19 PEEPERS – Jeepers Creepers;
21 NAVAL – sounds like “navel”;
22 CYAN – hidden (fan)CY-A-N(ice);

75 comments on “Times 25,821 – Boring”

  1. I agree Jim, and if I could type faster or more accurately I’d have been under 10 rather than 10.29 for this one. I suppose carelessness might account for getting the wrong half of the soaundalikes CURRANT and NAVAL, but otherwise I can’rt see any traps for the unwary. ACCOMPLICE and ABASEMENT, both matrioshka clues, gave a little pause for thought.
    I’ll try it out on my young apprentice, see what she makes of it.
  2. Yes quick (25 mins), yes easy, but still a couple of dnks: the ROSEATE tern, for one, and the French soldier another.

    Tying in with yesterday’s discussion on girls’ names, I’d give SOD to ELLA.

  3. Over an hour, but I had a feeling I wasn’t performing up to scratch. Confirmed by the comments above.

    Will try harder tomorrow.

  4. Pretty much like yesterday … just wrote ’em in. Until I got to PEEPERS which was LOI and caused a slight pause for thought.
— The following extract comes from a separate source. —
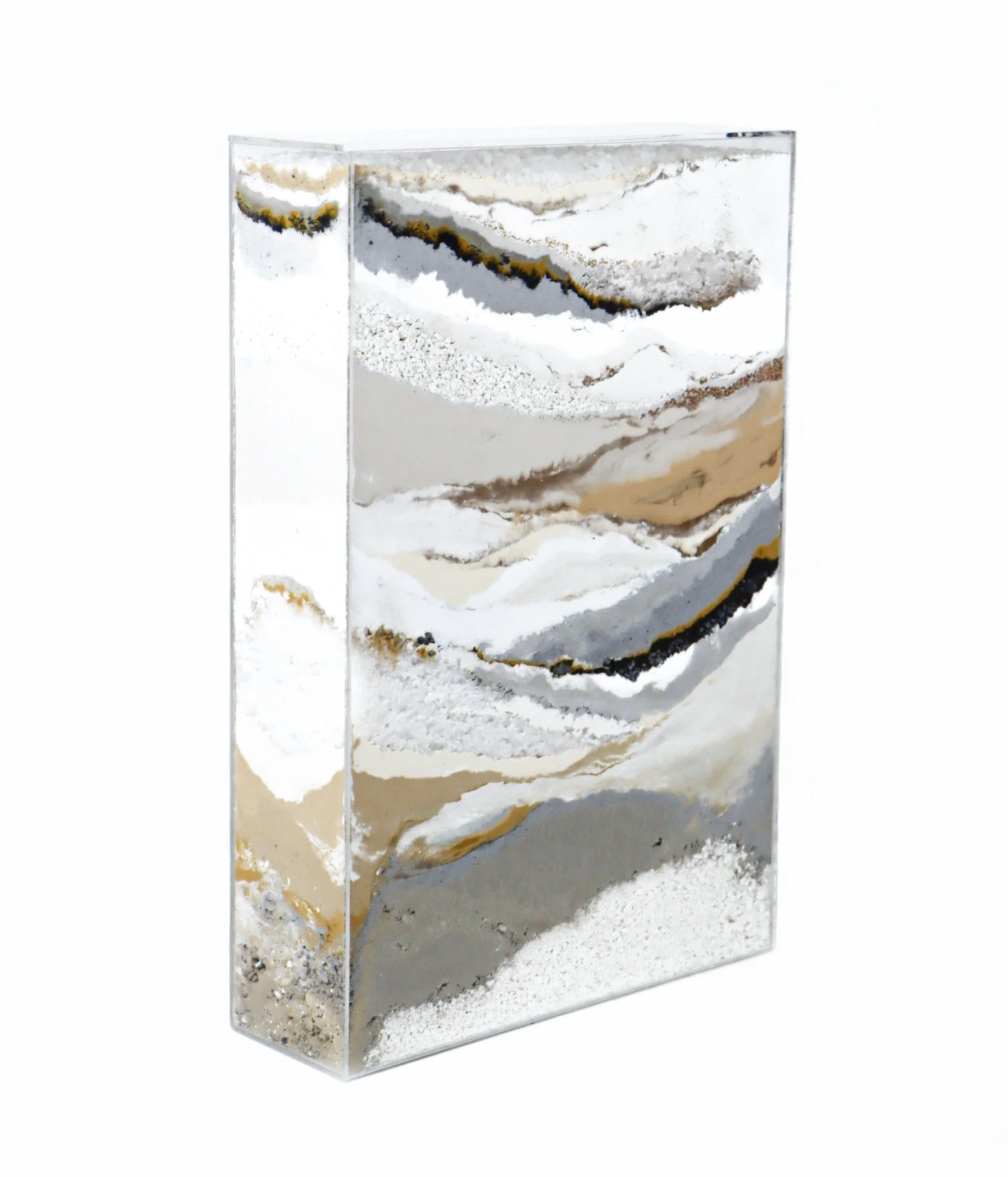 Carbón, ceniza, arenas, sales, sulfatos y semillas, caja acrílica

But overall it all felt pretty 19ac.

    Thanks to Jack for posting the Quick. Much nicer format than the standard online site. Someone at the Times really ought to look at the Groan’s print versions. Always grey; always fit on one page.

  5. Yes, it was mostly easy, but I’ve spent almost as long looking for my one error as I did solving the puzzle. And I still can’t spot it.

    I found the ROSEATE / ABASEMENT pair distinctly tricky.

      1. No, I’m okay on that one. I’ve checked it so many times I can’t see straight. I’ll have to wait for the solution thingy that highlights one’s errors.
  6. Maybe this is doing double duty as today’s Quickie which seems to have completely vanished as far as the Times crossword site is concerned.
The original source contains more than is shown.